What would be the best way to fix this???
2. Take the original and have it sandblasted and powder coated??? If so, how do I find someone locally that does this???
Any comments/suggestion would be greatly appreciated...
This might be the most expensive option, but it's also the one that'll provide the best results amongst the ones on your list.
There will be lots of places in your area that do powder coatings. Just look under "Industrial Coatings" in your Yellow Pages phone directory. Typically, the size of object that can be powder coated will be limited by the size of the baking oven at the place that's doing the work. If your rail is too large to fit in their baking oven, they can't powder coat it.
Powder coatings are much more impermeable and much more durable than air dry coatings like paints, thereby protecting the underlying metal much better than a paint would.
Talk to the places that do powder coatings in your area about what colour will hide the underlying iron the best, and how thick they can make the coating.
Generally, the harder and stronger the coating on the metal, the higher the temperature it takes to melt it. "Powder coating" is typically done at temperatures below 750 degrees. You can get an even harder and stronger coating on your railing if you have it "ceramic coated", which is to have it coated with porcelain enamel. Porcelain enamel is a much harder and more durable coating than even a powder coating. For example, on a stove, the (typically) white cooktop will be powder coated at about 500 degrees, but the blue/grey coating inside the oven will be porcelain enamel baked on at about 1300 deg. F. That oven coating is the hardest and most durable coating in most people's homes (save, perhaps for the chrome plating on brass fixtures in their bathrooms).
The only problem is that porcelain enamel is a hard and brittle material, and using metal fasteners on it to mount that railing is likely to crack or chip it up. Also, both powder coating and porcelain enamel result in very smooth finishes which might be slippery when they're wet with rain and perhaps more difficult to grasp securely in a fall.
But, powder coating would be vastly better than painting, and porcelain enamel would give you a harder and more durable finish than powder coating. I'd ask around at the places that do porcelain enamel coatings to see if they can think of any other good reasons not to go with a porcelain enamel coating on an iron railing that's going to spend it's life outdoors. Also, the porcelain enamel option is likely gonna cost more.

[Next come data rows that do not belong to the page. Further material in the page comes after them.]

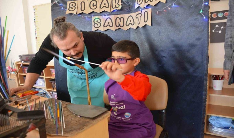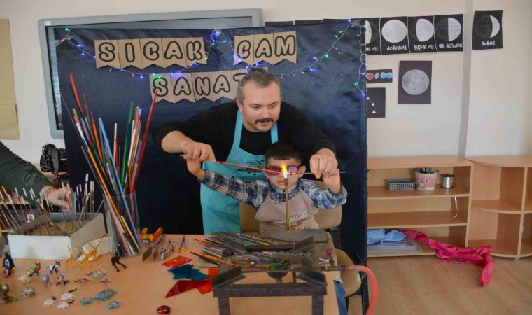 Sorgun Yeşilyurt İlkokulu Anasınıfı Öğretmeni Kübra Şahin’in daveti üzerine ilçeye gelen sıcak cam sanatı usta öğreticisi Tuluğ Sepet, anaokulu öğrencilerinin hayallerini camla buluşturdu. Atölye ortamında sıcak cam sanatının inceliklerini öğrencilere aktaran Sepet, 6 yaşında babasından öğrendiği bu sanatı çocukların erken yaşta öğrenmesi için çalıştığını söyledi.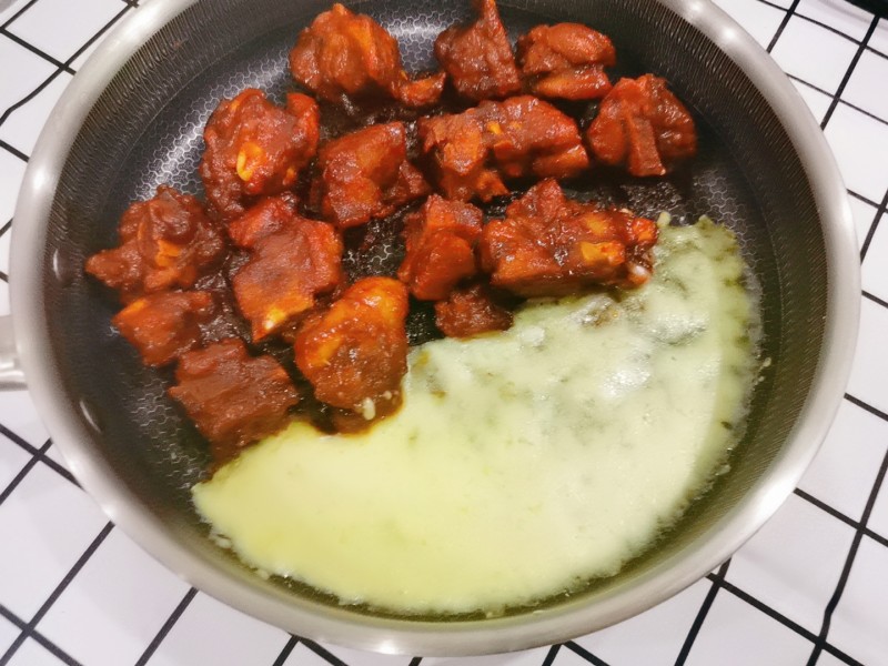 7:另取一平底锅,一侧铺排骨另一侧放芝士,开小火加热。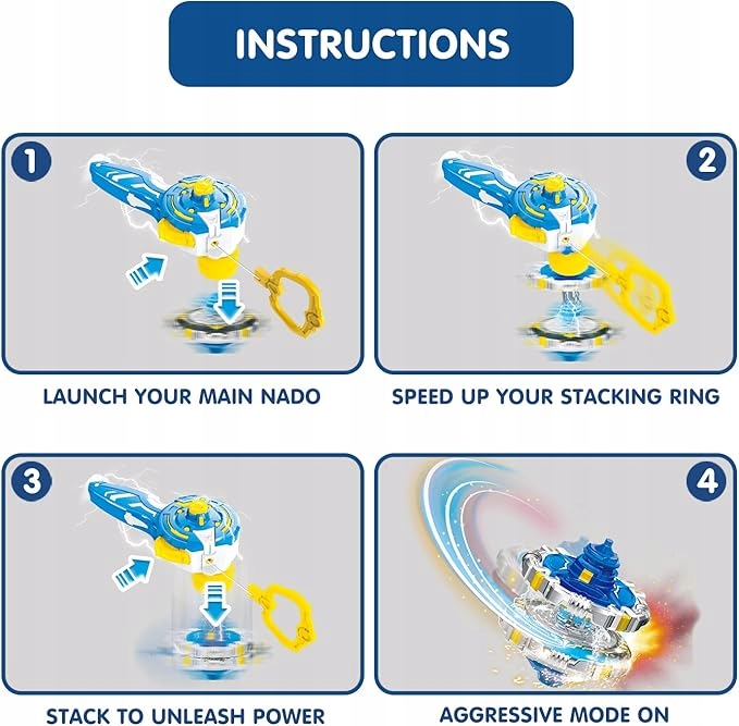 Сучасні дзиги Infinity Nado створені для максимальної потужності та видовищних боїв. Завдяки прикріпленим пусковим установкам їх швидкість і потужність обертання набагато більші, що робить кожен бій непередбачуваним і захоплюючим. Покращені магнітні пускові установки мають практичне місце для зберігання кілець, що виключає хаос під час бою та дозволяє зосередитися на дуелі.

Porcelain Enamel Institute
The Powder Coating Institute
(I'd also inquire about nickle plating that iron railing. That would be more durable and protective than any porcelain enamel could ever be. Also, nickle is naturally corrosion resistant because it forms an oxide that's impermeable to air and water. It's like copper in that respect, only better; it rusts, but the rust it forms is highly impermeable to both O2 and H2O, sticks tenaciously to the underlying metal and thereby protects it from further oxidation. The oxide film that nickle forms is much more impermeable than the brown "rust" that copper forms, so that it protects the underlying metal from further rusting so well that it remains so thin as to be transparent. What better corrosion protection for the underlying iron could you imagine than a coating of pure nickel that naturally forms an oxide surface layer that protects itself (and therefore everything under it) from the oxygen and water in the environment? If nickle plating this railing is feasible, that's the way I'd go.)